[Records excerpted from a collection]
[Start of section]
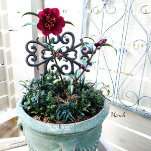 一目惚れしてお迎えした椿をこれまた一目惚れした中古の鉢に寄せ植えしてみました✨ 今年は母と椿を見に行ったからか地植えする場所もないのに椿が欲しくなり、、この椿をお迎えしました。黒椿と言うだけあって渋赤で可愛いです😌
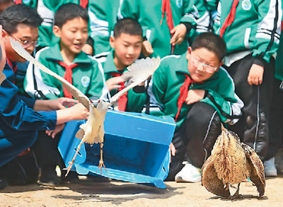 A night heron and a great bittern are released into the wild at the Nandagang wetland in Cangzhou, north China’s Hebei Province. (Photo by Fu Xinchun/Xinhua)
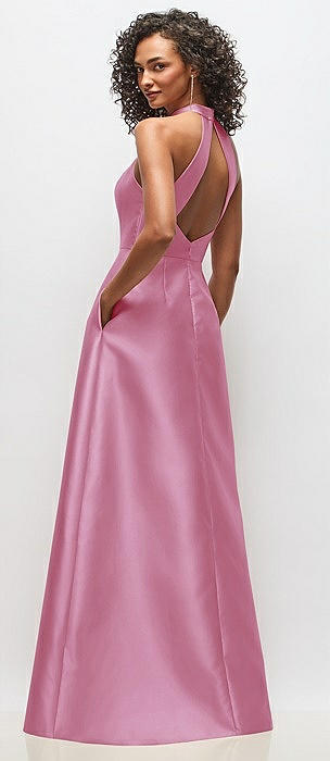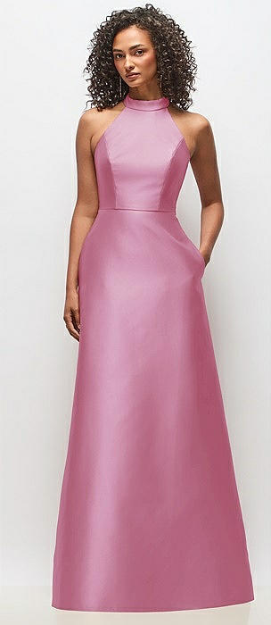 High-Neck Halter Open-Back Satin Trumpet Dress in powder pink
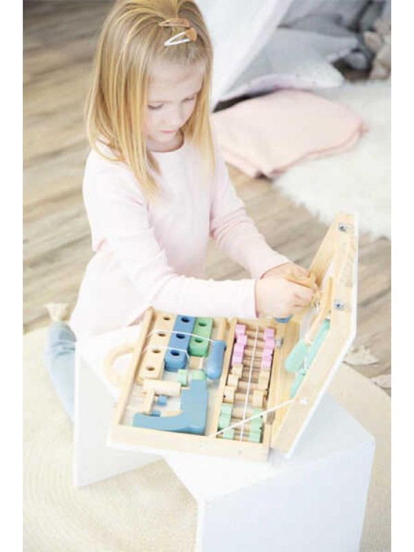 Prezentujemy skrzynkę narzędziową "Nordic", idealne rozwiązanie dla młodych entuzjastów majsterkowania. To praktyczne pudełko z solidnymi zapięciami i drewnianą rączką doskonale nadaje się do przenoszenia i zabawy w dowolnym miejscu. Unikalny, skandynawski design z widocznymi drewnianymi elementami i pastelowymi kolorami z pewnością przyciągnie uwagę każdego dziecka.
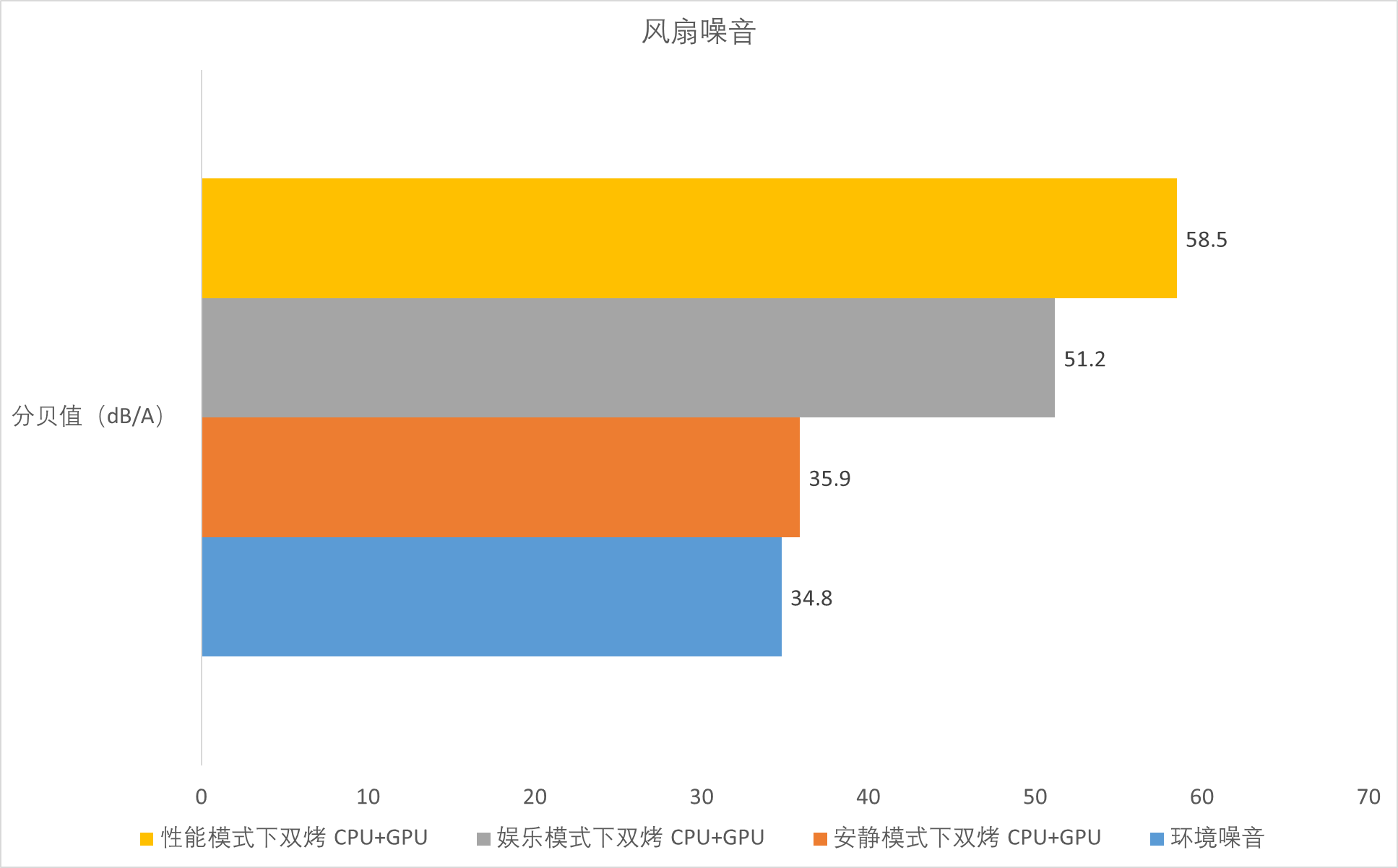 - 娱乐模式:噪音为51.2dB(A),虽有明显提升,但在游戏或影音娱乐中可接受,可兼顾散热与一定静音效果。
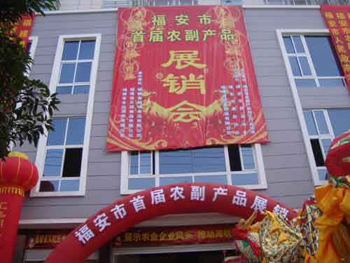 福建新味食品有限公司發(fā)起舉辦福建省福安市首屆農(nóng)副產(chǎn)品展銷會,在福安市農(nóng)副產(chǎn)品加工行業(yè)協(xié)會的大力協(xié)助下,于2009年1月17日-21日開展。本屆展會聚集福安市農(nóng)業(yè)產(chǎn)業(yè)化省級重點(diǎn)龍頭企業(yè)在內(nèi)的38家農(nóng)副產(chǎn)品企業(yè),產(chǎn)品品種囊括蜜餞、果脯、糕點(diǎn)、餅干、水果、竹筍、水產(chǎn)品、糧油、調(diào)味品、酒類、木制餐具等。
[End of section]
## AIM OF THE TASK:
Pictures aside, give the data again exactly as it appears.

## OUTPUT FOR THIS TASK:
 一目惚れしてお迎えした椿をこれまた一目惚れした中古の鉢に寄せ植えしてみました✨ 今年は母と椿を見に行ったからか地植えする場所もないのに椿が欲しくなり、、この椿をお迎えしました。黒椿と言うだけあって渋赤で可愛いです😌
 A night heron and a great bittern are released into the wild at the Nandagang wetland in Cangzhou, north China’s Hebei Province. (Photo by Fu Xinchun/Xinhua)
 High-Neck Halter Open-Back Satin Trumpet Dress in powder pink
 Prezentujemy skrzynkę narzędziową "Nordic", idealne rozwiązanie dla młodych entuzjastów majsterkowania. To praktyczne pudełko z solidnymi zapięciami i drewnianą rączką doskonale nadaje się do przenoszenia i zabawy w dowolnym miejscu. Unikalny, skandynawski design z widocznymi drewnianymi elementami i pastelowymi kolorami z pewnością przyciągnie uwagę każdego dziecka.
 - 娱乐模式:噪音为51.2dB(A),虽有明显提升,但在游戏或影音娱乐中可接受,可兼顾散热与一定静音效果。
 福建新味食品有限公司發(fā)起舉辦福建省福安市首屆農(nóng)副產(chǎn)品展銷會,在福安市農(nóng)副產(chǎn)品加工行業(yè)協(xié)會的大力協(xié)助下,于2009年1月17日-21日開展。本屆展會聚集福安市農(nóng)業(yè)產(chǎn)業(yè)化省級重點(diǎn)龍頭企業(yè)在內(nèi)的38家農(nóng)副產(chǎn)品企業(yè),產(chǎn)品品種囊括蜜餞、果脯、糕點(diǎn)、餅干、水果、竹筍、水產(chǎn)品、糧油、調(diào)味品、酒類、木制餐具等。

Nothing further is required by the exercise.